The problem →
From the entries below, return only the lines starting at the one that contains "Info India News" and ending at the one that contains "Nada disso muda", exactly as they stand.

___ Extracted data

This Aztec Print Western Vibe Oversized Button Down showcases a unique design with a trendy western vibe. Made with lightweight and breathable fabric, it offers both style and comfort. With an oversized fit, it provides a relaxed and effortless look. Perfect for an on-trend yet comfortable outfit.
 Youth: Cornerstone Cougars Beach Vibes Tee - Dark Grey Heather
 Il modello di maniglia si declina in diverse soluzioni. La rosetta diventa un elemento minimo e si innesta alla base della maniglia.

______
___ Extracted data

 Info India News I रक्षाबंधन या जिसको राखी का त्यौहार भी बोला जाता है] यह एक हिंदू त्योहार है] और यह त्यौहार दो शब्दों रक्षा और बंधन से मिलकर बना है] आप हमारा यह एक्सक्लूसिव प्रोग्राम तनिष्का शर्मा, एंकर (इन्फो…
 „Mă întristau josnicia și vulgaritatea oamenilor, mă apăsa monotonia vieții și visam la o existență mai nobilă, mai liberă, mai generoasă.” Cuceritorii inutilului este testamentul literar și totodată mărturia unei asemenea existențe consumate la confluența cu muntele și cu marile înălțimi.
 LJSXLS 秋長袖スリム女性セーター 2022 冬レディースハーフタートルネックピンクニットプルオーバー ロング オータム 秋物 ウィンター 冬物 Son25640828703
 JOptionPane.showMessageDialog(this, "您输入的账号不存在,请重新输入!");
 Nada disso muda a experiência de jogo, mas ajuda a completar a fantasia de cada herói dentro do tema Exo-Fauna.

______
___ Extracted data

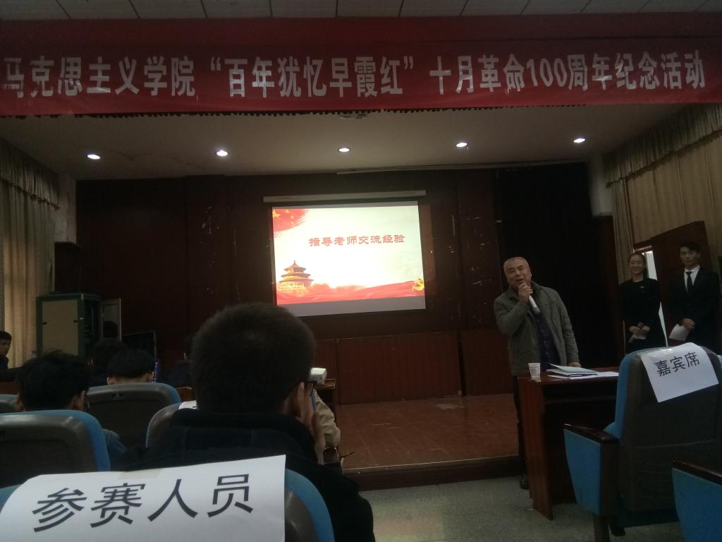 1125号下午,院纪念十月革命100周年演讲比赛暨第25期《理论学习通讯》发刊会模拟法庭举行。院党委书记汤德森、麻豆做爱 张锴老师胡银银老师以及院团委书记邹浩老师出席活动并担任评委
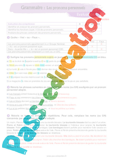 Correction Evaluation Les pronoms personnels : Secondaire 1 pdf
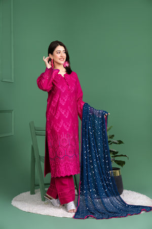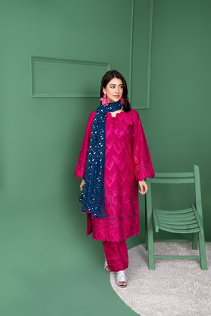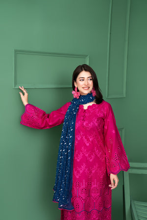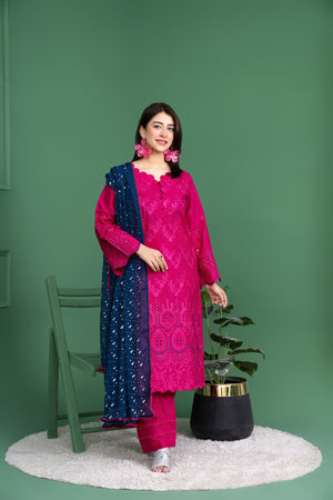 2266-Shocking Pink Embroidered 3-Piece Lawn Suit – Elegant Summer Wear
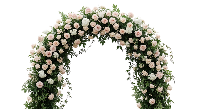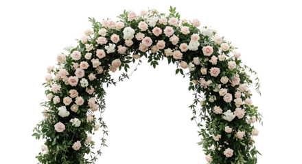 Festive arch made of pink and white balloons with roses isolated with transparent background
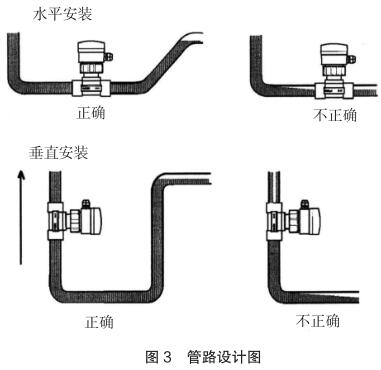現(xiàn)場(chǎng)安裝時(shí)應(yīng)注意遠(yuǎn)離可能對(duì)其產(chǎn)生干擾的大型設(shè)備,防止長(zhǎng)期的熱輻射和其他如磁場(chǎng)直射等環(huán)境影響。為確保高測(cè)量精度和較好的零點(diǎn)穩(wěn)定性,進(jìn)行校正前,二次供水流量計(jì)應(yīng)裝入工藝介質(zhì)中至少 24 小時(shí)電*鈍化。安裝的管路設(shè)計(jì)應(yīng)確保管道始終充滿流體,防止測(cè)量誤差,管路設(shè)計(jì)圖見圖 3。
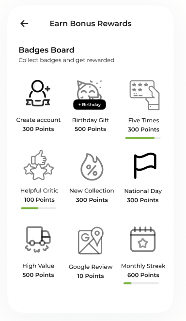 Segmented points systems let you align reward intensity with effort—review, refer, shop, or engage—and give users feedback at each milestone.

______

Answer space →
 Info India News I रक्षाबंधन या जिसको राखी का त्यौहार भी बोला जाता है] यह एक हिंदू त्योहार है] और यह त्यौहार दो शब्दों रक्षा और बंधन से मिलकर बना है] आप हमारा यह एक्सक्लूसिव प्रोग्राम तनिष्का शर्मा, एंकर (इन्फो…
 „Mă întristau josnicia și vulgaritatea oamenilor, mă apăsa monotonia vieții și visam la o existență mai nobilă, mai liberă, mai generoasă.” Cuceritorii inutilului este testamentul literar și totodată mărturia unei asemenea existențe consumate la confluența cu muntele și cu marile înălțimi.
 LJSXLS 秋長袖スリム女性セーター 2022 冬レディースハーフタートルネックピンクニットプルオーバー ロング オータム 秋物 ウィンター 冬物 Son25640828703
 JOptionPane.showMessageDialog(this, "您输入的账号不存在,请重新输入!");
 Nada disso muda a experiência de jogo, mas ajuda a completar a fantasia de cada herói dentro do tema Exo-Fauna.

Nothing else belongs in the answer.